I don't oppose all wars. What I am opposed to is a dumb war. What I am opposed to is a rash war. What I am opposed to is the cynical attempt by Richard Perle and Paul Wolfowitz and other armchair, weekend warriors in this administration to shove their own ideological agendas down our throats, irrespective of the costs in lives lost and in hardships borne. What I am opposed to is the attempt by political hacks like Karl Rove to distract us from a rise in the uninsured, a rise in the poverty rate, a drop in the median income, to distract us from corporate scandals and a stock market that has just gone through the worst month since the Great Depression.

That's what I'm opposed to. A dumb war. A rash war. A war based not on reason but on passion, not on principle but on politics.

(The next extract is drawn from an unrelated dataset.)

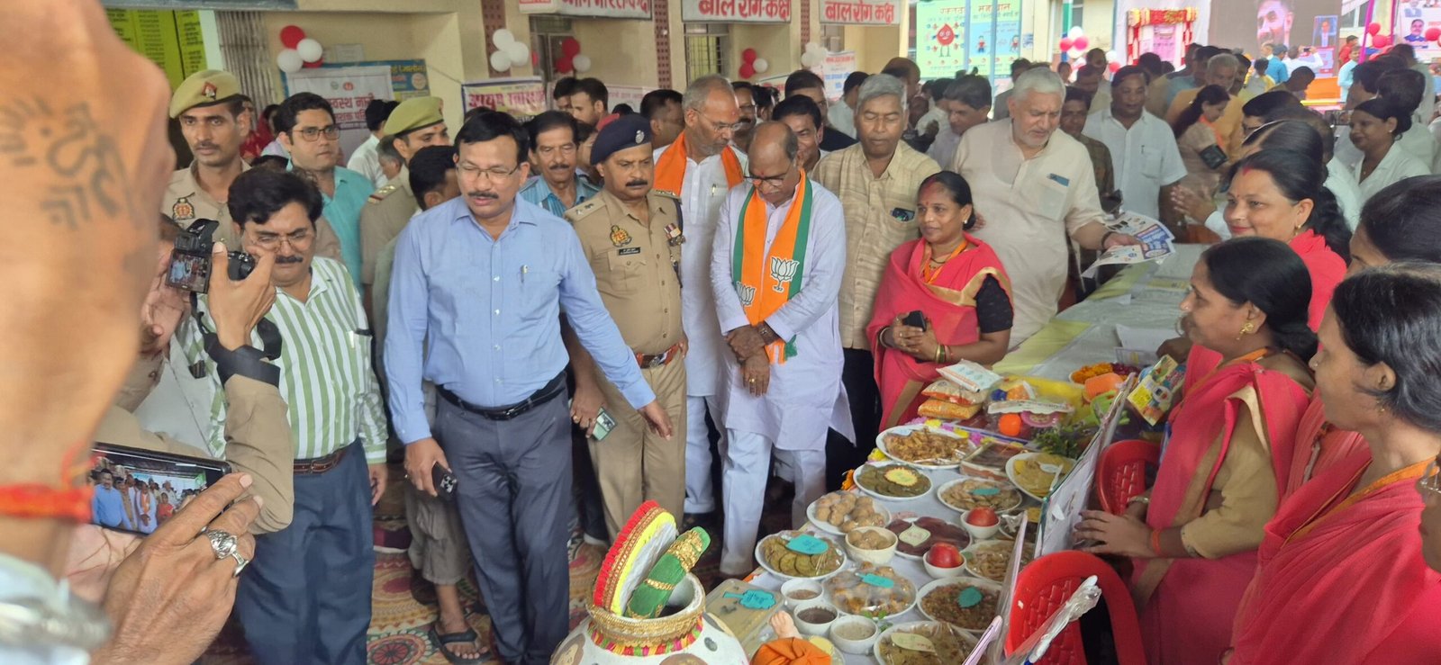 इस अवसर पर मा० जिला पंचायत अध्यक्ष डॉ. घनश्याम अनुरागी, सदर विधायक गौरीशंकर वर्मा, माधौगढ़ विधायक मूलचंद निरंजन, कालपी विधायक विनोद चतुर्वेदी, जिलाधिकारी राजेश कुमार पाण्डेय, पुलिस अधीक्षक डॉ. दुर्गेश कुमार, जल शक्ति मंत्री के प्रतिनिधि अरविन्द चौहान, पूर्व विधायक नरेंद्र पाल सिंह जादौन तथा भाजपा जिला अध्यक्षा उर्विजा दीक्षित ने संयुक्त रूप से फीता काटकर प्रदर्शनी का उद्घाटन किया।

Now let me be clear: I suffer no illusions about Saddam Hussein. He is a brutal man. A ruthless man. A man who butchers his own people to secure his own power.... The world, and the Iraqi people, would be better off without him. But I also know that Saddam poses no imminent and direct threat to the United States, or to his neighbors...and that in concert with the international community he can be contained until, in the way of all petty dictators, he falls away into the dustbin of history.

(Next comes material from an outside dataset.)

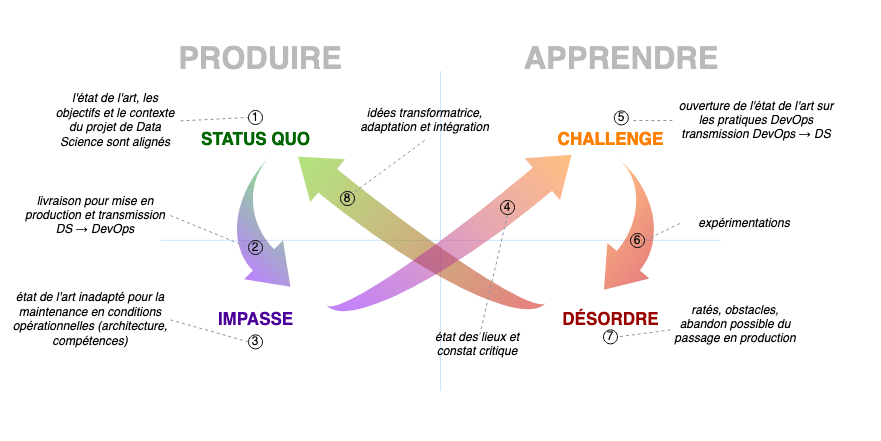 Un projet de Machine Learning qui ne va pas en production se trouve précisément dans cette phase, où l'apprentissage n'est pas converti en valeur ajoutée pour l'entreprise. Il ne l’est pas parce qu'il manque l'intégration d'une idée transformatrice, une adaptation à la fois à la nouveauté du projet et à l'existant de l'entreprise, une idée qui aiderait à surmonter les blocages, les inquiétudes, les réactions de rejet a priori, mais aussi les contraintes de l'entreprise. Le travail non seulement de l'ambassadeur (et pourquoi pas de l'équipe entière) a pour but cette adaptation, afin que la recherche aboutisse en un développement effectif au lieu de s'arrêter à la porte du laboratoire. Une fois cette phase d'intégration réalisée, l'entreprise s'est "Data-Scientisée", et le Data Scientist s'est un peu plus "fondu" dans l'entreprise. Un nouveau Status Quo a lieu, et le cycle recommence. Ce cycle peut être schématisé au moyen de la carte de polarité ci-dessous:

I know that even a successful war against Iraq will require a U.S. occupation of undetermined length, at undetermined cost, with undetermined consequences. I know that an invasion of Iraq without a clear rationale and without strong international support will only fan the flames of the Middle East, and encourage the worst, rather than best, impulses of the Arab world, and strengthen the recruitment arm of al-Qaeda.

I am not opposed to all wars. I'm opposed to dumb wars. So for those of us who seek a more just and secure world for our children, let us send a clear message to the president.

You want a fight, President Bush? Let's finish the fight with Bin Laden and al-Qaeda, through effective, coordinated intelligence, and a shutting down of the financial networks that support terrorism, and a homeland security program that involves more than color-coded warnings.

You want a fight, President Bush? Let's fight to make sure that...we vigorously enforce a nonproliferation treaty, and that former enemies and current allies like Russia safeguard and ultimately eliminate their stores of nuclear material, and that nations like Pakistan and India never use the terrible weapons already in their possession, and that the arms merchants in our own country stop feeding the countless wars that rage across the globe.

You want a fight, President Bush? Let's fight to make sure our so-called allies in the Middle East, the Saudis and the Egyptians, stop oppressing their own people, and suppressing dissent, and tolerating corruption and inequality, and mismanaging their economies so that their youth grow up without education, without prospects, without hope, the ready recruits of terrorist cells.

You want a fight, President Bush? Let's fight to wean ourselves off Middle East oil through an energy policy that doesn't simply serve the interests of Exxon and Mobil.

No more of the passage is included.